Your instructions.
Output only the lines of the entries that follow, starting at the one with "2018年12月29日,《中" and running down to the one with "入園式 結婚式 パンツスーツ", both included and unchanged.

(Excerpts from a dataset)
"""

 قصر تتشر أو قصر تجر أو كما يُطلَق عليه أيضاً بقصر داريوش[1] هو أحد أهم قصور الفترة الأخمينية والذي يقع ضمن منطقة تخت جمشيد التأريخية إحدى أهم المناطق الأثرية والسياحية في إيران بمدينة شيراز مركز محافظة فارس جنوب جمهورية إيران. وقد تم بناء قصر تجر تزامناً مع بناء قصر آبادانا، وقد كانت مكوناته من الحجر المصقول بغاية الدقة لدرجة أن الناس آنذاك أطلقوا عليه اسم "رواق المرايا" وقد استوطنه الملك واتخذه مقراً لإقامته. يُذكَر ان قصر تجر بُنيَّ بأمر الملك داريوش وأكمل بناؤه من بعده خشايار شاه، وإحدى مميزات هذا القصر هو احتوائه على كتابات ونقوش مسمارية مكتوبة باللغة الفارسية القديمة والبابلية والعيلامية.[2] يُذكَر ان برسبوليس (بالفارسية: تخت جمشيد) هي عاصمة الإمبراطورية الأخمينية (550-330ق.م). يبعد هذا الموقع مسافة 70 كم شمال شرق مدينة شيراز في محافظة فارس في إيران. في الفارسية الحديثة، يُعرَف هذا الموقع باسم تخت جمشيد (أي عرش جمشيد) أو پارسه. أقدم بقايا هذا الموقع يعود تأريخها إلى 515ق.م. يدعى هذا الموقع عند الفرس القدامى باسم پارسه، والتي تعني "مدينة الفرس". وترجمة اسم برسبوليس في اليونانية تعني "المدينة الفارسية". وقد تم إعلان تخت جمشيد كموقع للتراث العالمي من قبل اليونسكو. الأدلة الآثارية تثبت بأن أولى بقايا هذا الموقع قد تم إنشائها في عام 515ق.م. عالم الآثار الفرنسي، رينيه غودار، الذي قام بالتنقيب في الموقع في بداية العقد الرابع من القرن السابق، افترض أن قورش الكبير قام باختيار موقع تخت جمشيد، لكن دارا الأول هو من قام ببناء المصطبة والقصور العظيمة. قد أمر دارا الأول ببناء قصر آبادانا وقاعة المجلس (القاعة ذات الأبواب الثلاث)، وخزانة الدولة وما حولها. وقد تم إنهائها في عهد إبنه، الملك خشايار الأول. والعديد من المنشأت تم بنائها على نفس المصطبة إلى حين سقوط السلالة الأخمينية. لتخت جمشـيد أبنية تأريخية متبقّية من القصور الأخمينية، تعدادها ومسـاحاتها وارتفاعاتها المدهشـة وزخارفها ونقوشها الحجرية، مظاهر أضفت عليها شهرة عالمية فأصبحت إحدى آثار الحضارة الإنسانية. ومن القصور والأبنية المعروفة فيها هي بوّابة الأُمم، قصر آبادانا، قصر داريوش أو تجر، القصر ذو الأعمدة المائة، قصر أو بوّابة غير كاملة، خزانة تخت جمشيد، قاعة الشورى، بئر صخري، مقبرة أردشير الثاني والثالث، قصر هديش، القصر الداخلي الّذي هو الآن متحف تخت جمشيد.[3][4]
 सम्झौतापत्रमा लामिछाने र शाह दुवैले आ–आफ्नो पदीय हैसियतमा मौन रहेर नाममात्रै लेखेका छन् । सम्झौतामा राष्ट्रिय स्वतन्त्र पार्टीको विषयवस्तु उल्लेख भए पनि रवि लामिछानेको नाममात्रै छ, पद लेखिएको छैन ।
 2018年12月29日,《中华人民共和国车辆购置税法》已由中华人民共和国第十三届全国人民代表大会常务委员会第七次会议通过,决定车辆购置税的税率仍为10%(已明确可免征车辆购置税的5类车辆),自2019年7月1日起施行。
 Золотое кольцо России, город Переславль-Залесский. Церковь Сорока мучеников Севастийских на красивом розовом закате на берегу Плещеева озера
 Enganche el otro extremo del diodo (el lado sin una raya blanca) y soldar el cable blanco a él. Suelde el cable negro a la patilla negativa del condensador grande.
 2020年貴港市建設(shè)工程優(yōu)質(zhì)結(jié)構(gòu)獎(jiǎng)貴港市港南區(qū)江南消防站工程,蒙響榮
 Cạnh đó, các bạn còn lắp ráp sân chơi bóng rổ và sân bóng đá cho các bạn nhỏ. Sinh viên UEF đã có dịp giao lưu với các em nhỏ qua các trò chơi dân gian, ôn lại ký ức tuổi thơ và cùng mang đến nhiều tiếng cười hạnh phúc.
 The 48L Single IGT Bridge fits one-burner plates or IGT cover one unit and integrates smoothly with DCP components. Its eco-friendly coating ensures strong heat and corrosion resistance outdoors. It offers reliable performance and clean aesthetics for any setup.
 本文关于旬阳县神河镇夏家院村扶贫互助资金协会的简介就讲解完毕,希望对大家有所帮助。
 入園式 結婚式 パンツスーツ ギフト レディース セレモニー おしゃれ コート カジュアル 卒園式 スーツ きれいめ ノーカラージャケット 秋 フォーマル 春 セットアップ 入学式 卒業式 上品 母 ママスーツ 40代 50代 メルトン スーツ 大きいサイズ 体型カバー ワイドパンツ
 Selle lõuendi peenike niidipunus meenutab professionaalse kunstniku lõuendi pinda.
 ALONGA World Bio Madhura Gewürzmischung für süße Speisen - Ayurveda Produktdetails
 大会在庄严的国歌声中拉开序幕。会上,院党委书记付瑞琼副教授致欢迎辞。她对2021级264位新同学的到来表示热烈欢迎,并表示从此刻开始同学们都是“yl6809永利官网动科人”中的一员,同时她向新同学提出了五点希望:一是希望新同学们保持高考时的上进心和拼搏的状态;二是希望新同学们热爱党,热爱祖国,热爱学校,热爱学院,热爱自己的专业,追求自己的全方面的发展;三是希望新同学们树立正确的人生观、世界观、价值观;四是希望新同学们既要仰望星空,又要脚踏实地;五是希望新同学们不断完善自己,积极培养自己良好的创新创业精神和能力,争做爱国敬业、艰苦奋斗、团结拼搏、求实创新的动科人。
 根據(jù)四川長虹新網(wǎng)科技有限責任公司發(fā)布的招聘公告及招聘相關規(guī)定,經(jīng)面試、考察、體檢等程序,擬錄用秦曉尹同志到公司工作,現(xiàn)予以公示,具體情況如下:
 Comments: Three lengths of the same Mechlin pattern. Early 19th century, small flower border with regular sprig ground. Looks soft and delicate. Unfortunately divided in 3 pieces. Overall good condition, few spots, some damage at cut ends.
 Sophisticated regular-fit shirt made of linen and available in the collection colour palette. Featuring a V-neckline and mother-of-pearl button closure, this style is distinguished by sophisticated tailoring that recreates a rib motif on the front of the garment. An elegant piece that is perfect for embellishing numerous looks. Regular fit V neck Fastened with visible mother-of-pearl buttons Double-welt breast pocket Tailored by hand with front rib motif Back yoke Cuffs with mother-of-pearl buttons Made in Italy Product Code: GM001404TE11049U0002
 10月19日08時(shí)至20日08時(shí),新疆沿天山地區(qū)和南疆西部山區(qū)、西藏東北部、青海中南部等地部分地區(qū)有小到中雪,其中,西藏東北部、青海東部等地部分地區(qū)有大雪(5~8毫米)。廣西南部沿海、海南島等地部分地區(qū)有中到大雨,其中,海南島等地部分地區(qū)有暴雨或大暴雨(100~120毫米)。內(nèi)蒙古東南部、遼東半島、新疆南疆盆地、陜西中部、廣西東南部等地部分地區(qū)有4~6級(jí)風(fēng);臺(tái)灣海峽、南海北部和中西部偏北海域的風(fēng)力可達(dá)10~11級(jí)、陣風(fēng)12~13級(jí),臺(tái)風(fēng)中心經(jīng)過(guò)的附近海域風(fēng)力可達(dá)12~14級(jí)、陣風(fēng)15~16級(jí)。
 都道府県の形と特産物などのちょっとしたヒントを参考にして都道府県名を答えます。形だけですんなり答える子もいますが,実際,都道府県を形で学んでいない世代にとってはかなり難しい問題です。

"""

Result.
 2018年12月29日,《中华人民共和国车辆购置税法》已由中华人民共和国第十三届全国人民代表大会常务委员会第七次会议通过,决定车辆购置税的税率仍为10%(已明确可免征车辆购置税的5类车辆),自2019年7月1日起施行。
 Золотое кольцо России, город Переславль-Залесский. Церковь Сорока мучеников Севастийских на красивом розовом закате на берегу Плещеева озера
 Enganche el otro extremo del diodo (el lado sin una raya blanca) y soldar el cable blanco a él. Suelde el cable negro a la patilla negativa del condensador grande.
 2020年貴港市建設(shè)工程優(yōu)質(zhì)結(jié)構(gòu)獎(jiǎng)貴港市港南區(qū)江南消防站工程,蒙響榮
 Cạnh đó, các bạn còn lắp ráp sân chơi bóng rổ và sân bóng đá cho các bạn nhỏ. Sinh viên UEF đã có dịp giao lưu với các em nhỏ qua các trò chơi dân gian, ôn lại ký ức tuổi thơ và cùng mang đến nhiều tiếng cười hạnh phúc.
 The 48L Single IGT Bridge fits one-burner plates or IGT cover one unit and integrates smoothly with DCP components. Its eco-friendly coating ensures strong heat and corrosion resistance outdoors. It offers reliable performance and clean aesthetics for any setup.
 本文关于旬阳县神河镇夏家院村扶贫互助资金协会的简介就讲解完毕,希望对大家有所帮助。
 入園式 結婚式 パンツスーツ ギフト レディース セレモニー おしゃれ コート カジュアル 卒園式 スーツ きれいめ ノーカラージャケット 秋 フォーマル 春 セットアップ 入学式 卒業式 上品 母 ママスーツ 40代 50代 メルトン スーツ 大きいサイズ 体型カバー ワイドパンツ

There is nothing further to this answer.